Exactly the lines below, starting with the one containing "エロい服装の女子大生の浮き出るプリ尻パン線" and going on through the one containing "I checked in", must be reproduced, both ends included, and no pictures with them.

_Supplied data_
--- START ---

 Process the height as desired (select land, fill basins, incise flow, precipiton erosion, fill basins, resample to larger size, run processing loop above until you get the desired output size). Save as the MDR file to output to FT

--- END ---
--- START ---

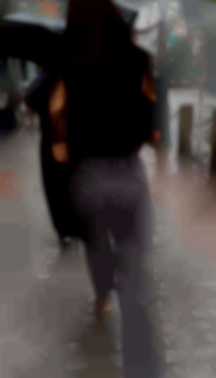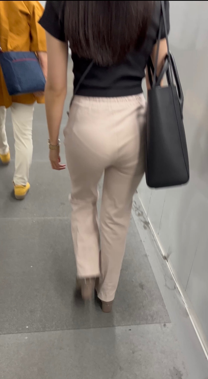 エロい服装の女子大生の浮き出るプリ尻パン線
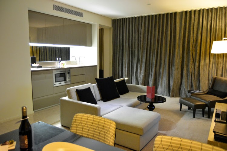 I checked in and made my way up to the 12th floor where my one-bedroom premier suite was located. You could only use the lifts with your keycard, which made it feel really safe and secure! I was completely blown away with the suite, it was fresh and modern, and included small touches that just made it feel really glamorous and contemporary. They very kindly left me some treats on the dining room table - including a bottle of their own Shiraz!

--- END ---
--- START ---

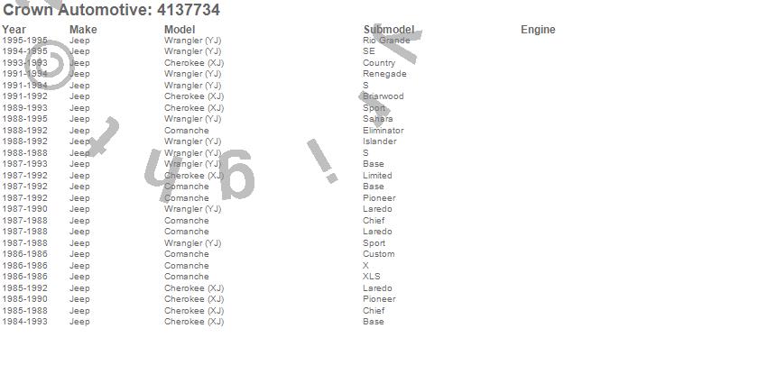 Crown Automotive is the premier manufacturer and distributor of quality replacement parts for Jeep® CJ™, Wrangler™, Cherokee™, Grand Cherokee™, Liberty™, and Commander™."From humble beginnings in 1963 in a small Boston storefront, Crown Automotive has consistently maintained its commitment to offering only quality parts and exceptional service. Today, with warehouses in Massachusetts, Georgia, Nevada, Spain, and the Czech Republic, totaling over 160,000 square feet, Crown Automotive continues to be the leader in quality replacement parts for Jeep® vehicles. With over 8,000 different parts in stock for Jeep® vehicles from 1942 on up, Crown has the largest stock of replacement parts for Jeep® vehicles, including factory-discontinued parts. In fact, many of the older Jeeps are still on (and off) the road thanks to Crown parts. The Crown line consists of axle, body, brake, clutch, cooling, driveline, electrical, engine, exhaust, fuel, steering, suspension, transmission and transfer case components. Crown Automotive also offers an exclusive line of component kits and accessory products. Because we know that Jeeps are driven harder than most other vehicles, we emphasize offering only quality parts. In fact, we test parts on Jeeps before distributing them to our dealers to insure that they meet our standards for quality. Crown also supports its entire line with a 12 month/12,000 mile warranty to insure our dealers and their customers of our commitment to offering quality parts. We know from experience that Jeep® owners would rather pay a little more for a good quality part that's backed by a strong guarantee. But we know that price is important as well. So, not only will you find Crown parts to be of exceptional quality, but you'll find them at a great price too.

--- END ---

_Answer_
 エロい服装の女子大生の浮き出るプリ尻パン線
 I checked in and made my way up to the 12th floor where my one-bedroom premier suite was located. You could only use the lifts with your keycard, which made it feel really safe and secure! I was completely blown away with the suite, it was fresh and modern, and included small touches that just made it feel really glamorous and contemporary. They very kindly left me some treats on the dining room table - including a bottle of their own Shiraz!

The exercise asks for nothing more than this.